Pronounced orbital-coupled asymmetrically coordinated NiCoMn heterotrimetallic atomic sites enable efficient thousand-hour urea electrooxidation-coupled hydrogen production

Urea electrooxidation offered an energy-efficient alternative to water oxidation for hydrogen generation, but its implementation was hindered hindered by sluggish kinetics and instability under industrial current densities. We report a monolayer asymmetrically coordinated trimetallic atom sites catalyst (A-NiCoMn-TAC/LDH) with a defect-rich coordination environment. It requires 1.26 ± 0.01 V vs. RHE at 10 mA cm^-2 and maintains stability for 600 h at 500 mA cm^-2 in half-cell tests, and operates for 1500 h at an industrial level of 1000 mA cm^-2 in an anion-exchange membrane electrolyzer.
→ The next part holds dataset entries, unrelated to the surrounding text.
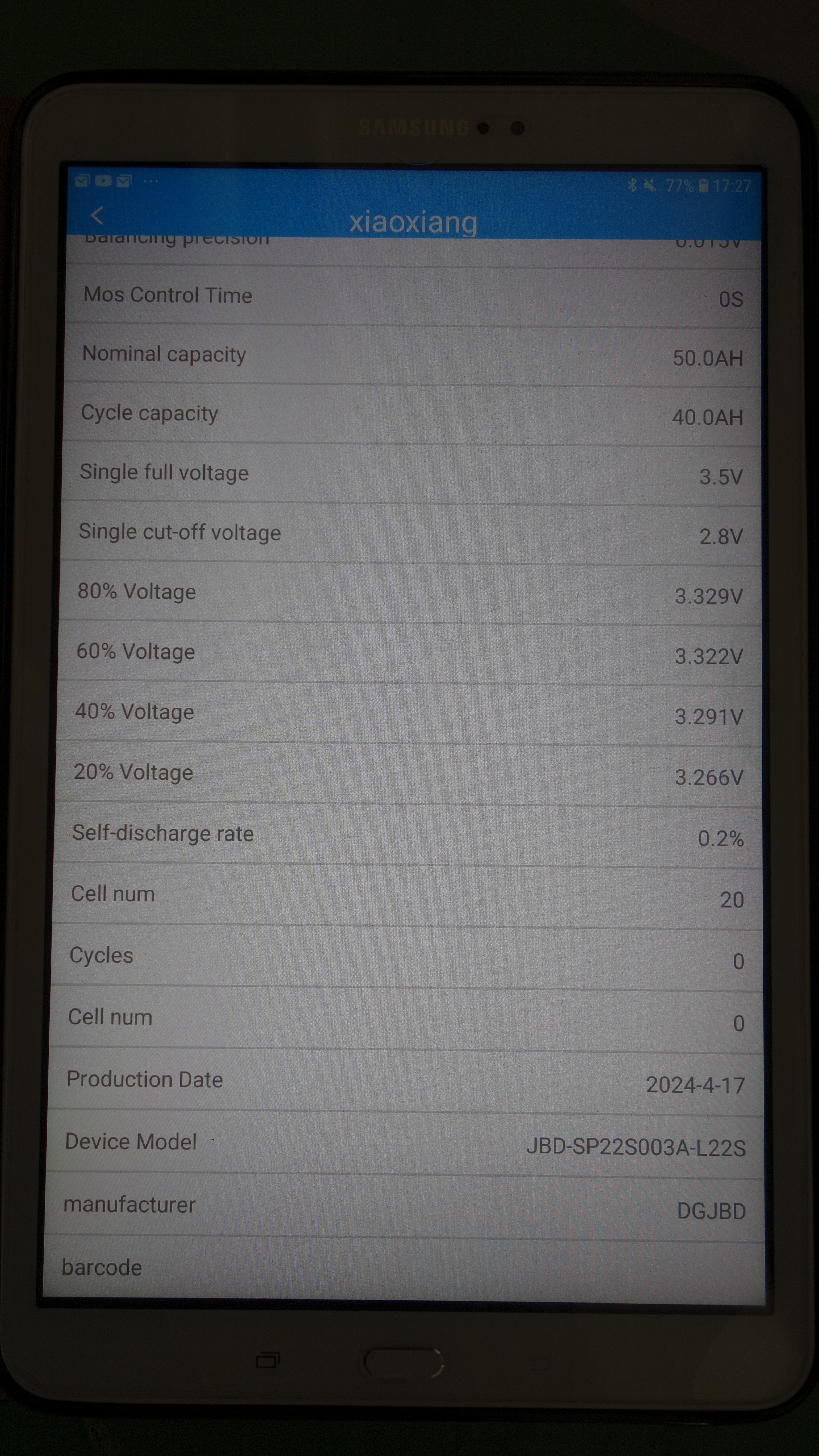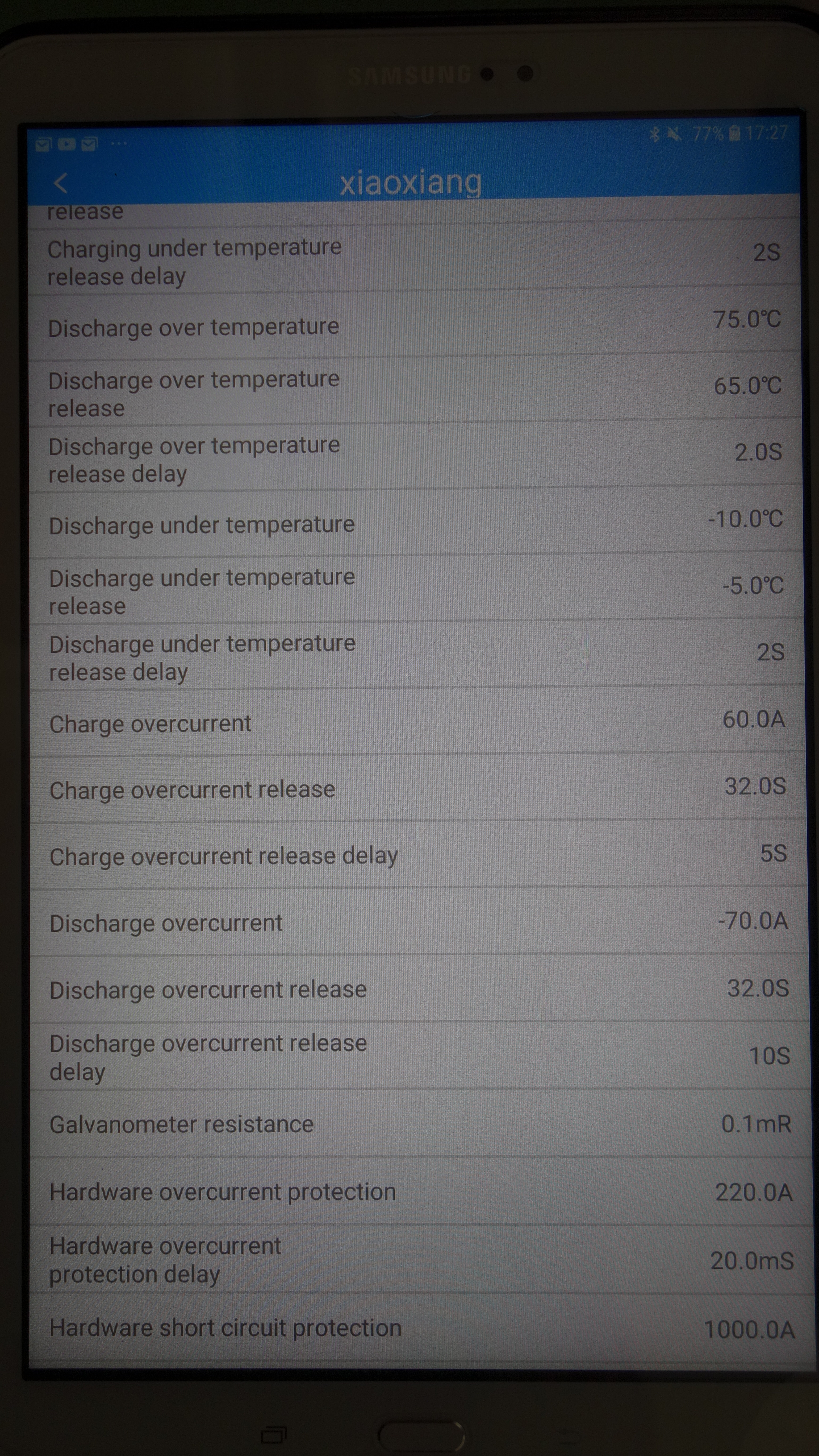 Ich vermisse dort Einstellungen zum Balancing. Das kann bedeuten, dass es diese bei Deinem BMS nicht gibt, Du keinen Zugriff auf diese Einstellungen hast (also auch kein "Read-Only") oder Du sie vielleicht auch einfach bislang übersehen hast.
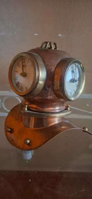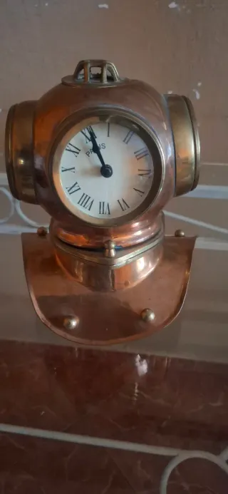 Original reloj decorativo con diseño de escafandra de buzo antigua. - Material: Cobre y latón. - Esfera con números romanos.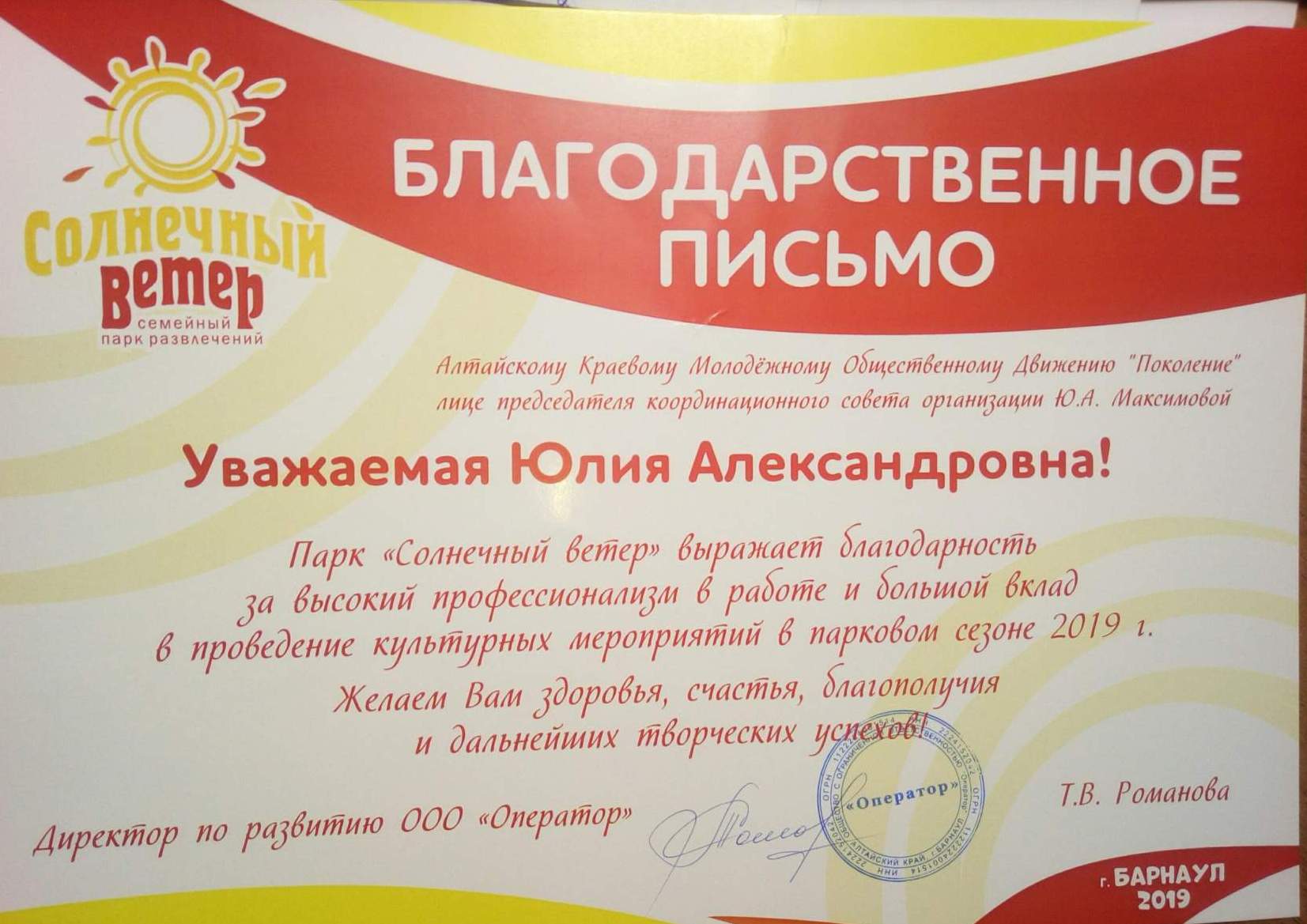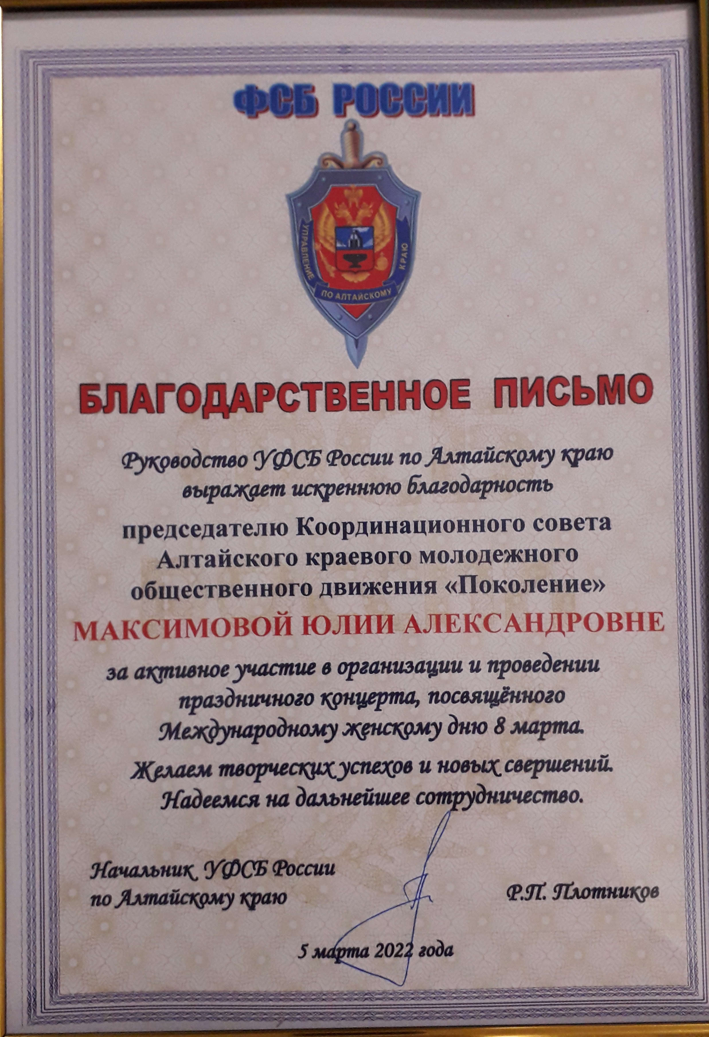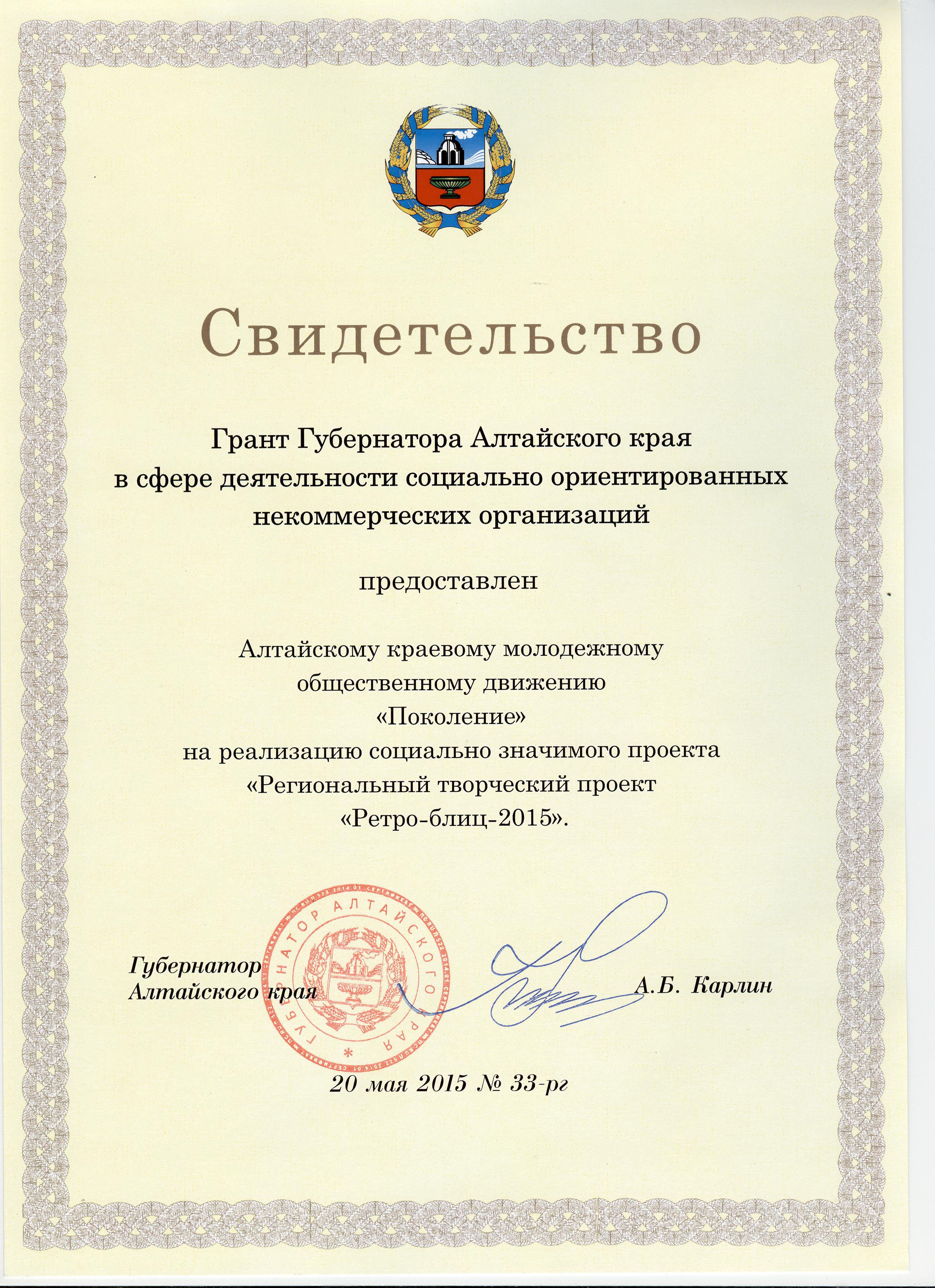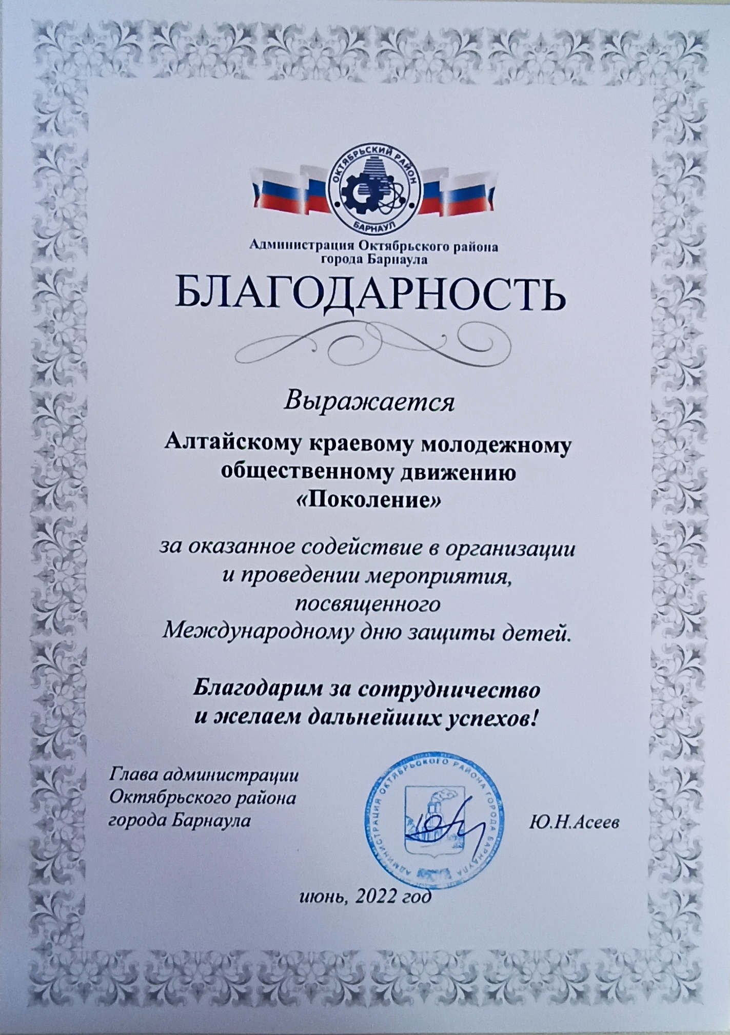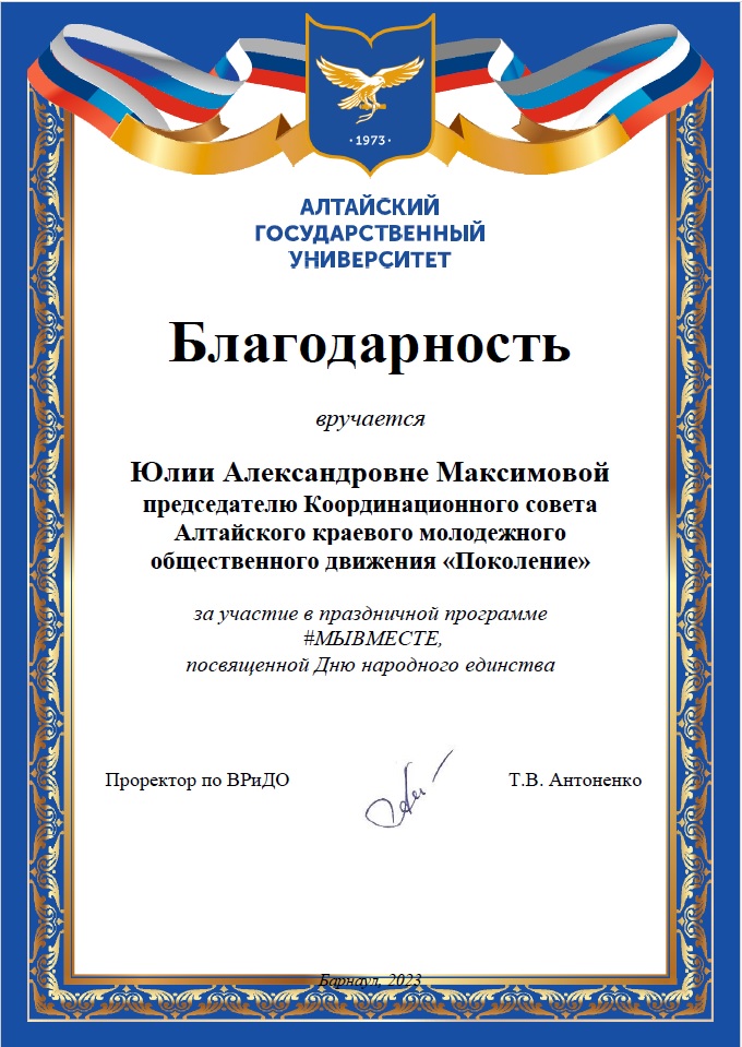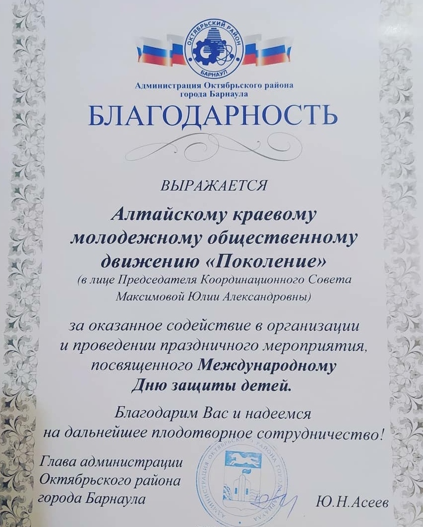 Благодарности, грамоты и сертификаты Алтайского краевого молодежного общественного движения «Поколение»

X-ray absorption spectra reveal the defective coordination structures around the heterotrimetallic atoms and their electrochemical dynamic structural adaptation during the urea oxidation reaction. Through operando spectroscopy and theoretical calculations, we identify defect engineering induced strong d-p-d orbital coupling, creating a π-donation-mediated charge transfer pathway. This configuration lowers the energy barrier for the formation of CON₂* and enhances urea adsorption over OH*, enabling high-performance urea oxidation.